A step-by-step guide to query data on Hadoop using Hive

Hadoop empowers us to solve problems that require intense processing and storage on commodity hardware harnessing the power of distributed computing, while ensuring reliability. When it comes to applicability beyond experimental purposes, the industry welcomes Hadoop with warm heart, as it can query their databases in realistic time regardless of the volume of data. In this post, we will try to run some experiments to see how this can be done.

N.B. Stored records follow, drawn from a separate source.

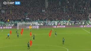 比赛第52分钟,国安进攻,塞尔吉尼奥禁区右侧横扫门前,林良铭包抄击中门柱弹出。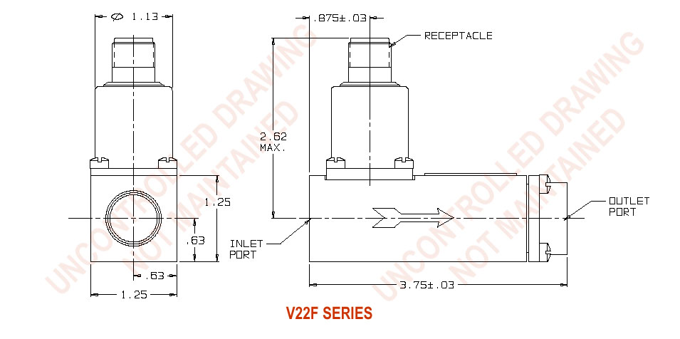 The V22F features the widest range of setpoints available in the Precision Sensors flow switch product line. The switch utilizes dual sensing element design featuring a sliding piston which interfaces with a mechanical vane. All models include hermetically sealed contacts making it ideal when vapor ignition is a concern.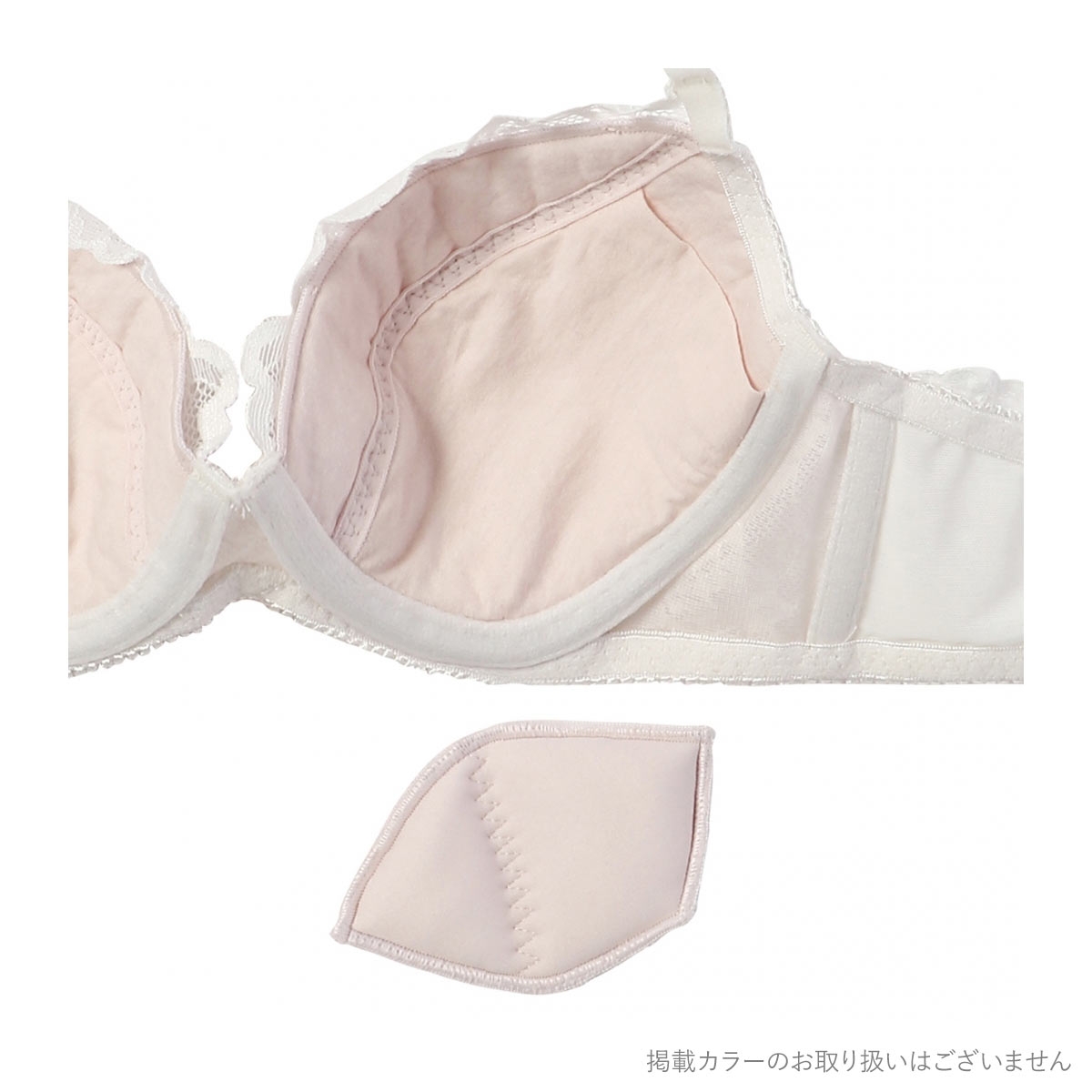 ブラジャーは、定番で使いやすい3/4カップタイプ。中央に縫い目を入れた「エンジェルシェイプパッド」が、バストの丸みに無理なくフィットし、盛りすぎない自然で美しいバストラインを整えます。背部はレースとパワーネットを重ねることで、デザインの美しさだけでなく、しっかりとした安定感のある着け心地を実現しました。

Before you start, make sure you have set up a Hadoop cluster. We will use Hive, a data warehouse to query large data sets and a adequate-sized sample data set, along with an imaginary database of a travelling agency on MySQL; the DB consisting of details about their clients, including Flight bookings, details of bookings and hotel reservations. Their data model is as below:

The number of records in the database tables are as:
- booking: 2.1M
- booking_detail: 2.1M
- booking_hotel: 1.48M
- city: 2.2K

We will write a query that retrieves total country-wise bookings with a hotel reservation, paid in USD or GBP, distributed by booking type for each country.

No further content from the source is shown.